Et Libov de se lâcher en en imaginant d’autres permettant de lancer un appel audio ou vidéo… de créer un groupe, etc. Demain, comme le système sait que nous utilisons Foursquare, il suffirait de faire un message avec le terme Foursquare pour que la messagerie interroge notre historique ou directement le site et qu’il nous réponde automatiquement directement dans notre messagerie…

Message+SquareImage : Exemple d’interpellation de Foursquare directement depuis sa messagerie. Et réponse.

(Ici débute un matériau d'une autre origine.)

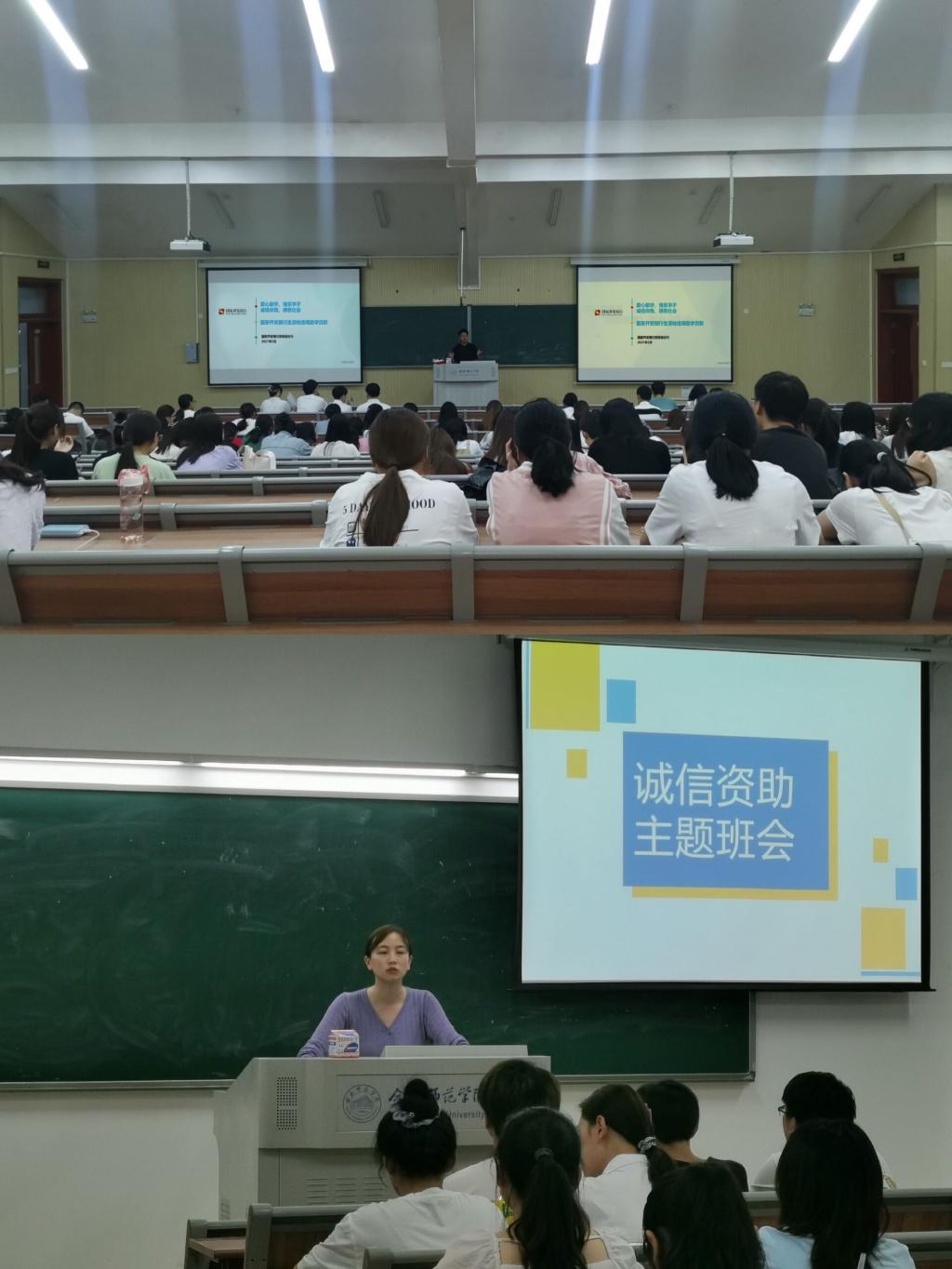 举办资助诚信教育主题班会。各年级辅导员通过召开主题班会,将助学贷款宣传片、宣传手册PPT播放给学生观看,让同学了解国家资助政策,以及党和政府的庄严承诺“不让一个学生因家庭经济困难而失学”。通过案例讲解,帮助大学生树立诚信意识,提高学生对诚信重要性的认识。同时,教育和引导同学们树立正确的受助感恩观念,培养同学们强烈的社会责任感和自立自强的优秀品质。同时,各班级辅导员利用本次主题班会号召大家在即将到来的期末考试中,端正考风,严肃考纪,诚信参加考试。
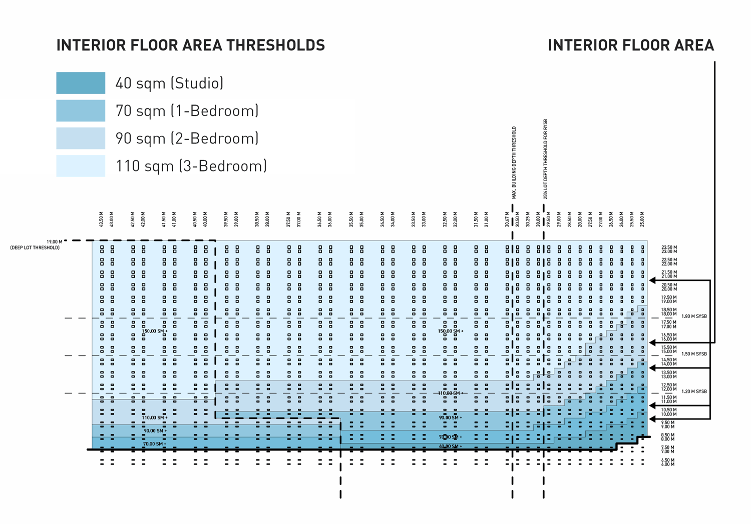 Using a matrix of 1,440 different parcel sizes at half-meter increments of width and depth, we mapped diagrammatic floorplates that fit on each parcel. This established a foundational understanding of which parcels can support fourplex development.Zoning restrictions - Front yard Setbacks (FYSB), Side yard Setbacks (SYSB), Rear yard Setbacks (RYSB), and Maximum Building Depths - determined the buildable footprint for each lot size. This buildable footprint defined the building envelope of the overall exterior massing a fourplex is allowed to take up.
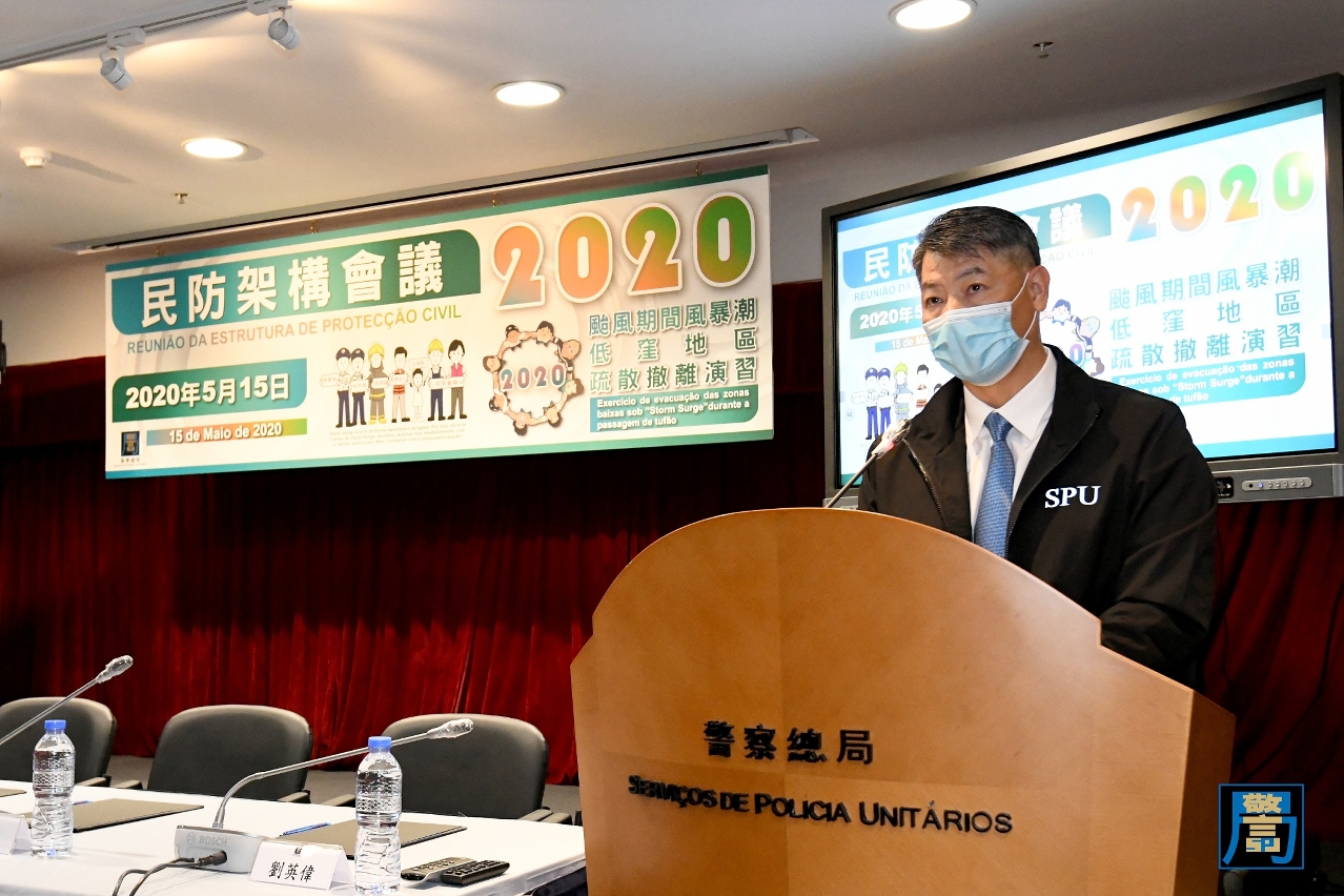 O Comandante de Acção Conjunta e Comandante-geral dos Serviços de Polícia Unitários, Leong Man Cheong, presidiu, na manhã do dia 15 de Maio, a “Reunião da Estrutura de Protecção Civil de 2020”. A reunião teve lugar no Edifício do Serviço de Migração de Pac On e contou com a presença de representantes das 30 entidades públicas e privadas que compõem a estrutura de protecção civil.

Toutes ces idées, illustrent ce que Chris Messina baptisait il y a quelques mois, le « commerce conversationnel ». Ce temps où les applications de messagerie apportent le point de vente jusqu’à l’utilisateur. « Le commerce conversationnel consiste à délivrer de la commodité, de la personnalisation et une aide à la décision alors que les gens sont en mobilité, partiellement attentifs. »

Assurément, il y là un nouveau Graal de l’automatisation pour le commerce en ligne… qui paraît comme toujours simple et enchanteur, mais qui évoque surtout un monde pour des gens décidés et très à l’aise avec la technologie. Parler avec des bots avec des codes de commandes n’est pour l’instant pas si simple.